Из всех известных в мире городов Я более всего Одессу уважаю. И буду воспевать я дальних берегов И с мыслью об нее я засыпаю. Ровнее улиц в мире нигде нет, И с кем хотите я поспорю: Кудой в Одессе не пойдешь, Тудою можно выйти к морю. Одесский вор – он тоже знаменит. С другими ворами нет никакого сходства. Япончик-Миша, пусть он был бандит, Но сколько на нему печати благородства. Или возьмем, к примеру, Беню Крик. Вы Молдаванки короля не знали? Какой размах, какой бандитский шик?! Знакомство с ним за доблесть почитали. А Додик Ойстрах, чтоб он был здоров! Его ж Италия боится. И звуком скрипки он таков, Что вся Одесса им гордится. И Сеня Керчик. Он теперь Кирсанов. Среди поэтов он в Москве как туз. Родился он на улице Гаванной И только ростом вышел карапуз. Бывают драки здесь И с матом, и без мата. Но если вам в Одессе выбьют глаз, То этот глаз уставит вам Филатов…

Сейчас Степаниде в ее эмоциональном пике крайне необходим был тайм-аут, и внезапно она его получила: прослушав достаточно экзотичное, но все равно внятное исполнение знакомой песни, Маромой в значительной мере пришла в себя. Только сейчас увидевший ее Кулебякин тут же попросил минутной аудиенции и, получив разрешение, понес:

Нас трое братьев Кулебякиных – и все колдуны. Один – лесной, второй – степной, а третий – водяной. Но при всем при том мы все трое – Николаи Ивановичи. Я – Николай Иванович. Брат мой – Николай Иванович.

– Да пошел ты…

– Не надо так со мной разговаривать.

Степанида ткнула собеседника кулаком, Кулебякин отлетел к противоположной стене и затих – путь был свободен.
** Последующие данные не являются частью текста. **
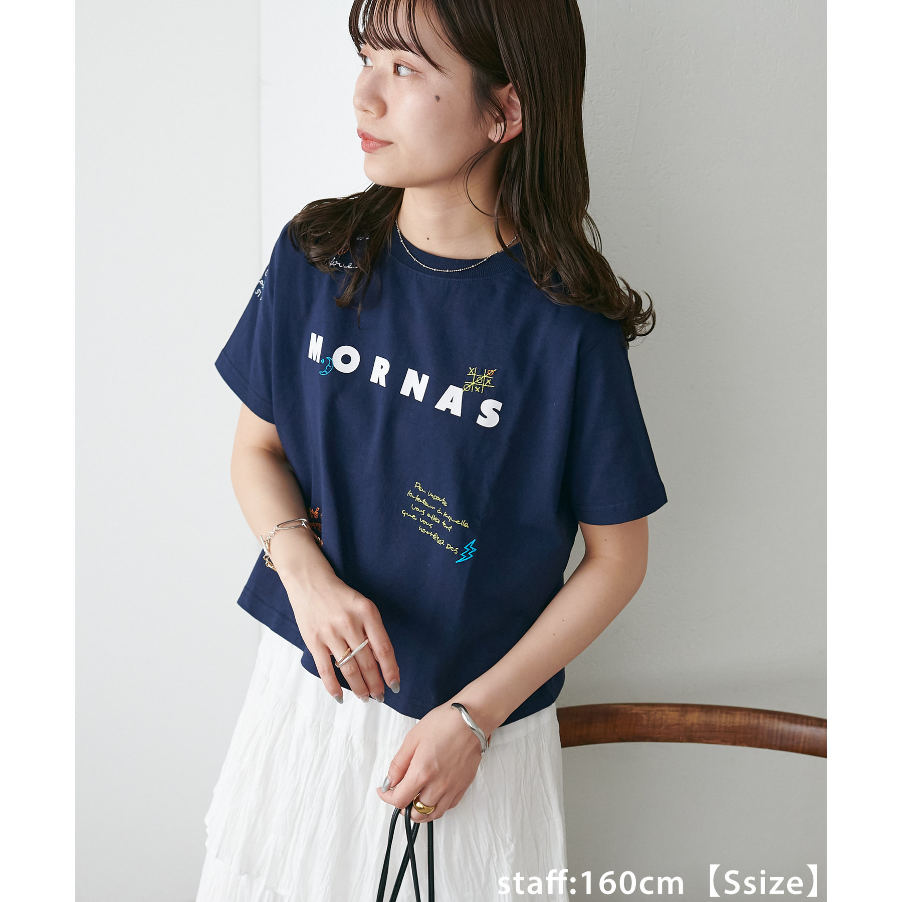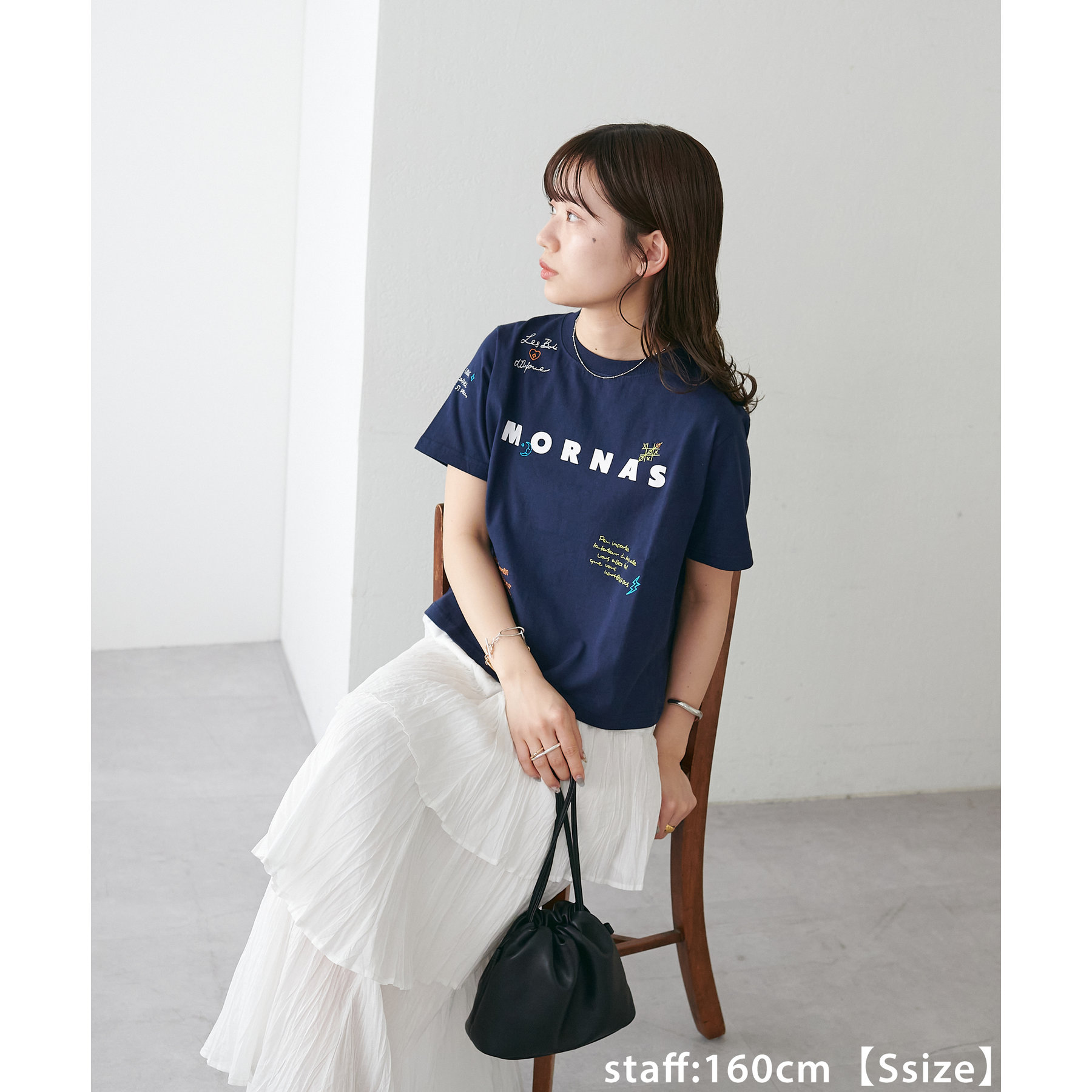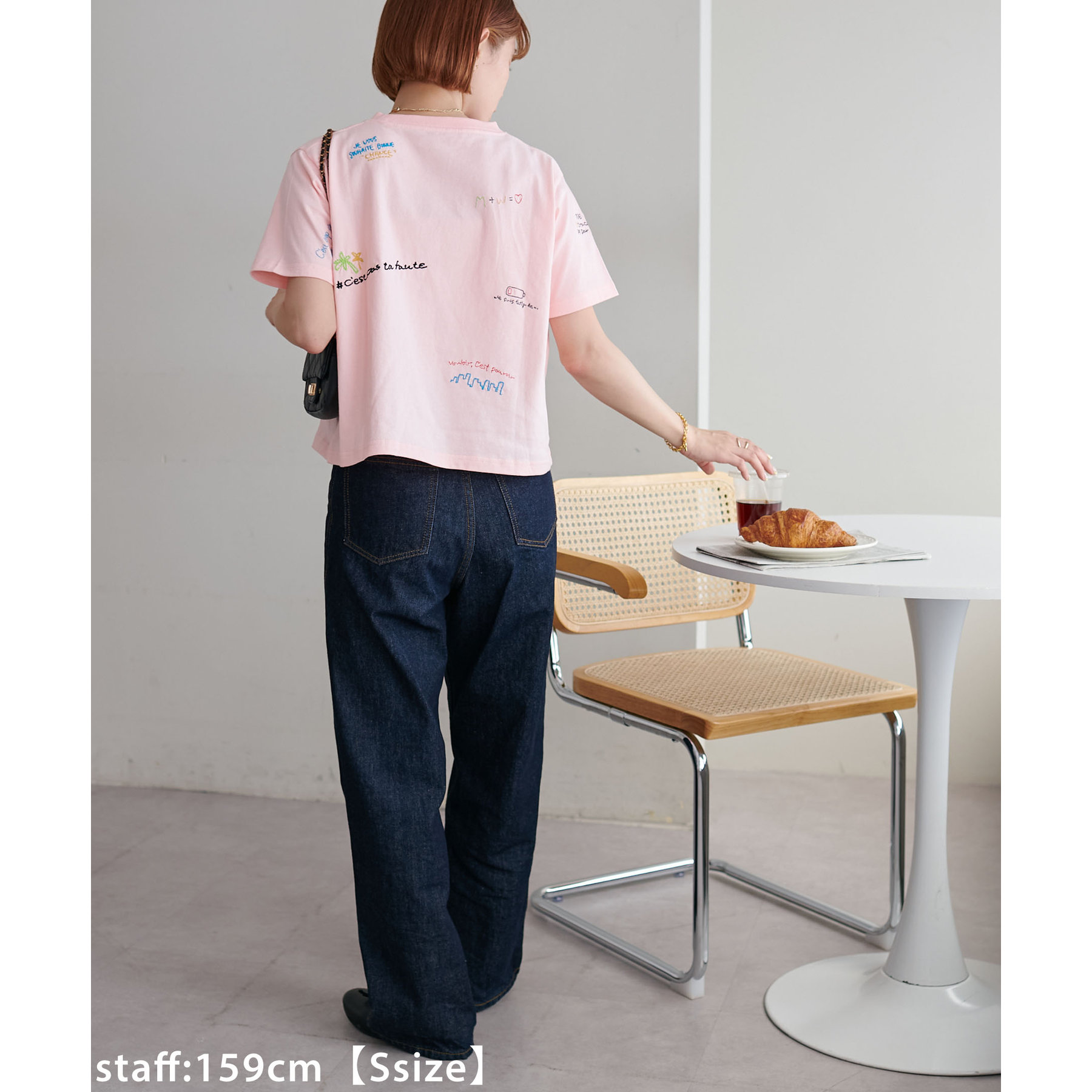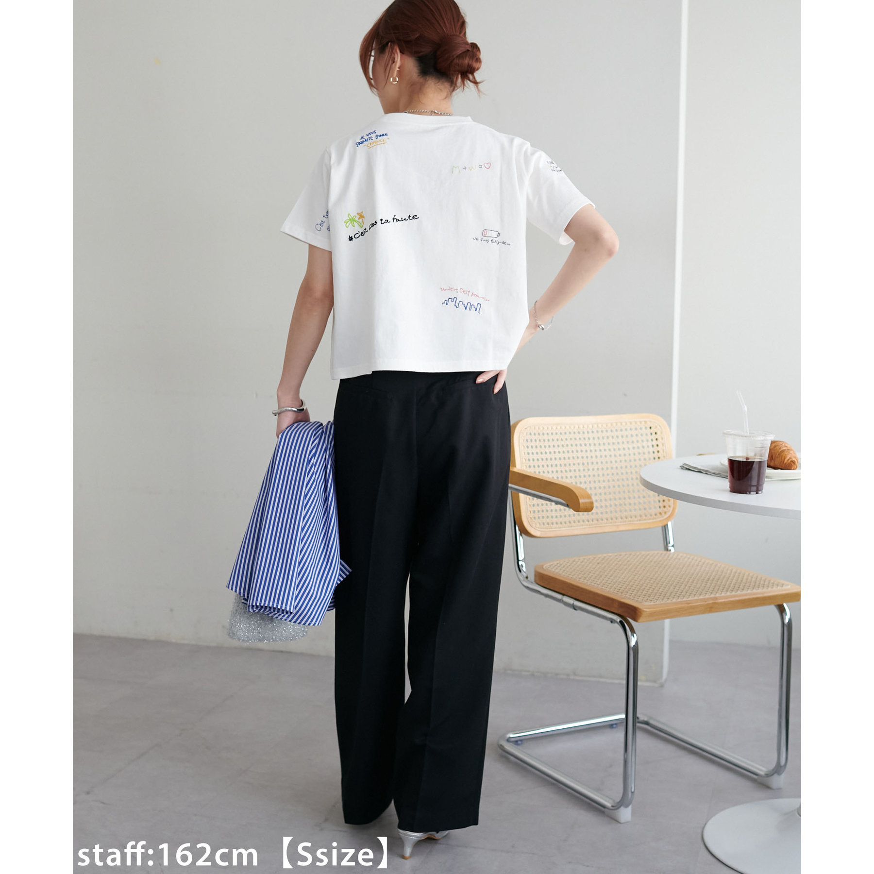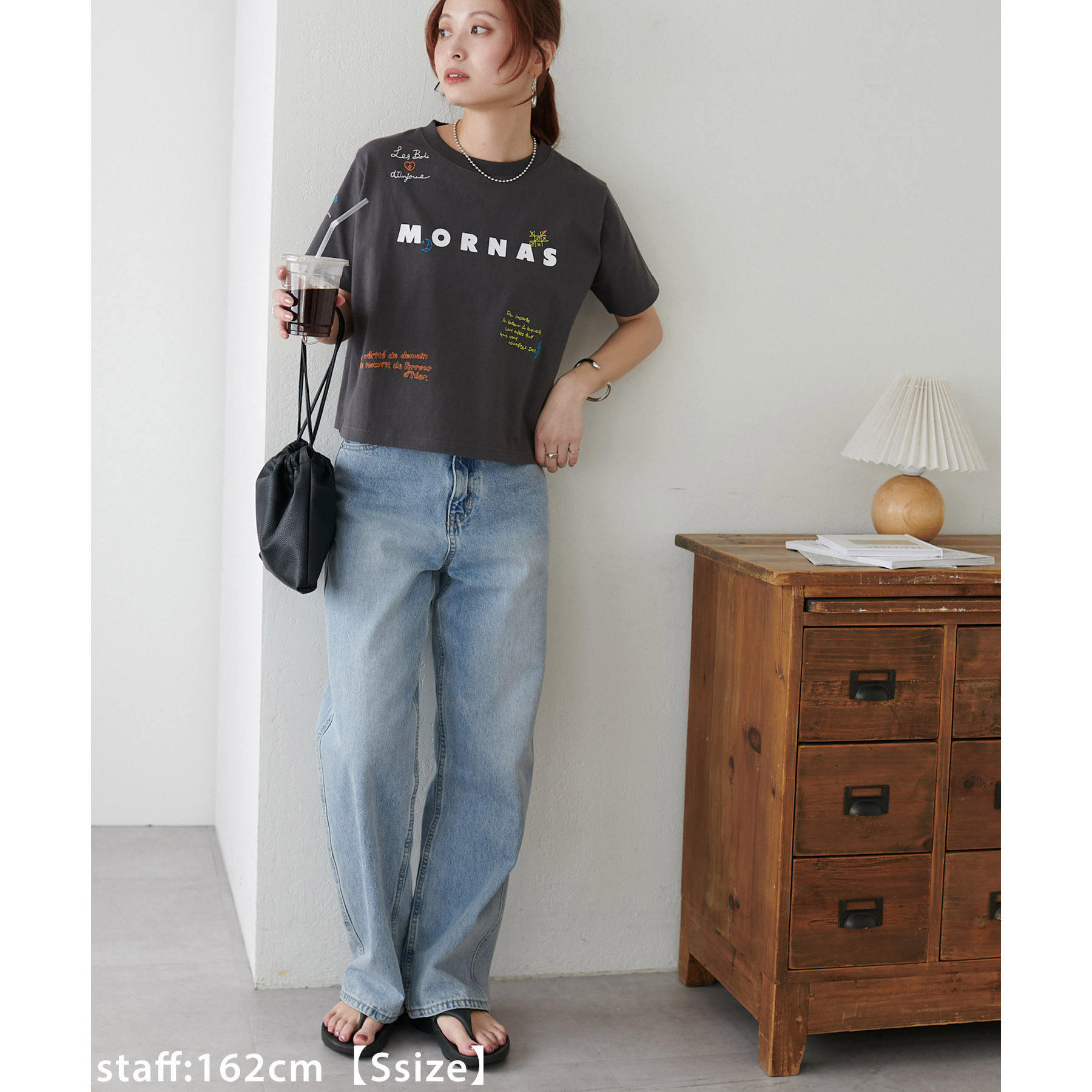 162cmレディーススタッフ(Fサイズ着用):シンプルなボトムス合わせでも、刺繍のデザインがおしゃれ見えします!
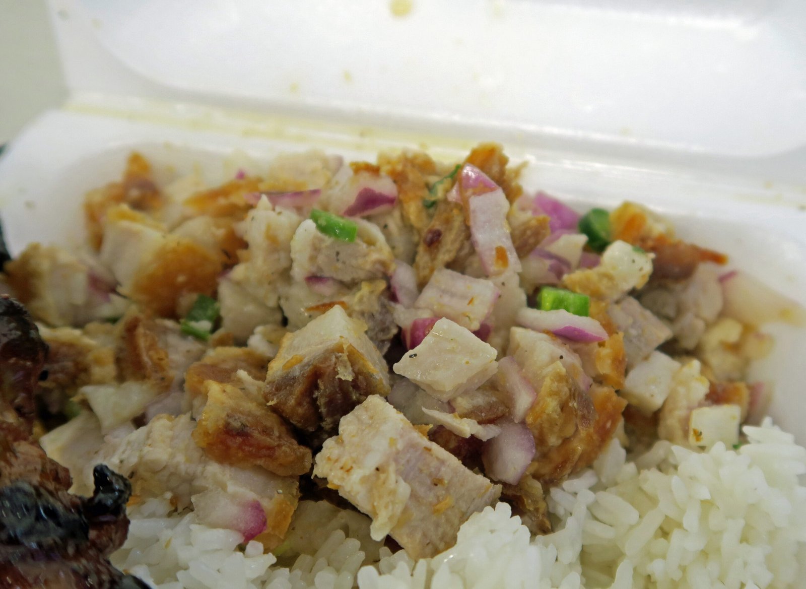 The woman working was all business and very efficient. I saw a couple folks getting pretty much the same thing; so I followed their lead and got the Pork Barbecue and the Sisig.
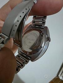 Vendo dalla mia collezione di Seiko vintage un pezzo bellissimo, ref. 7019-6040. Orologio funzionante in ogni sua parte, in bellissimo stato estetico come testimoniato dalle foto ed impreziosito con un bracciale in acciaio Maruman vintage. Tra le funzioni dell'orologio è degna di nota la ghiera interna girevole ed azionabile con la corona. Bellissimo! Per altri Seiko vintage visionate il mio profilo.
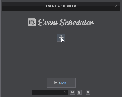 - EVENT MANAGER. Provides the ability to save an Event Schedule by adding a name into the text box and clicking the save icon. Using the drop down provides access to select any previously created events that have been saved. Clicking on the trash can icon will delete the event that is in focus (selected).
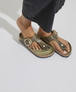 Meet the brand new Gizeh Big Buckle. This classic thong sandal gets a fresh update with an elegant amplified buckle. This feminine style that’s comfortable and easy to wear. The lining of the footbed is covered with soft smooth leather and matches the shoe in color. The upper is made from extra thick, smooth leather and features an open-selvage finish.
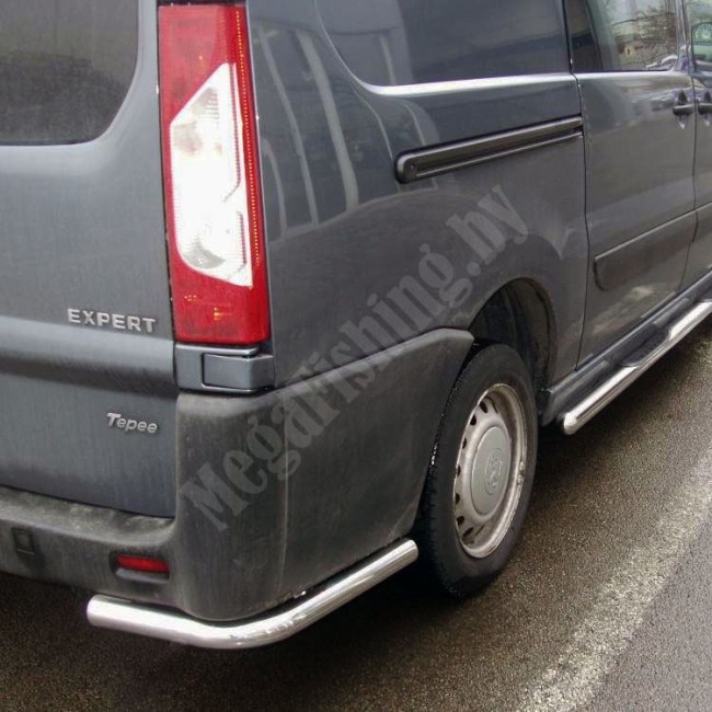 Задняя защита B1-09 для Peugeot Expert 2 (2007-2016) углы. Материал обвеса - нержавеющая сталь марки AISI 304 коррозийно-стойкая жаропрочная, что позволяет не опасаться коррозии. Однако для гарантированного сохранения внешнего вида в условиях зимней эксплуатации и воздействия агрессивных сред рекомендуется регулярный уход с помощью полировочных паст для изделий из нержавеющей стали.
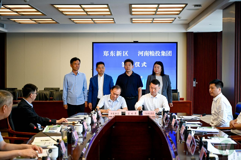 5月8日,河南糧投集團與鄭東新區(qū)管委會豫糧智谷項目簽約儀式在鄭州舉行。省紀委監(jiān)委駐農(nóng)投紀檢組組長魯照印,省農(nóng)業(yè)和農(nóng)村廳市場和信息化處處長崔新麗, 鄭東新區(qū)黨工委副書記、管委會主任陳耀宗,鄭州市人大常委會鄭東新區(qū)工作委員會主任蘇瑩璽, 鄭東新區(qū)黨工委委員、管委會副主任楊寶安,鄭東新區(qū)國資集團籌備組組長李力,河南糧投集團黨委書記、董事長王剛,黨委副書記、紀委書記李在良,副總經(jīng)理馬曉勇等出席簽約儀式。雙方有關(guān)部門負責(zé)人以及項目對接團隊工作人員等共30余人參加簽約活動。

После дамской комнаты Маромой из своего кабинета позвонила Самокруткину в палату:

– Иван Петрович, докладываю – собрание провели. Все в порядке. Кац, по-моему, арестован.

Самокруткин, выразив удовлетворение, ответил еще на несколько тривиальных вопросов о здоровье и пошел на вечернюю прогулку.

Степанида отправилась завершать собрание, что ей сравнительно быстро и удалось – аудитория устала. Последней, заслуживающей внимания мизансценой, была, как всегда, безобразная драка между Дудиной и Бланманже. Как всегда, их через несколько минут спарринга разняли, и удовлетворенные с синяками актрисы разошлись, как в море корабли.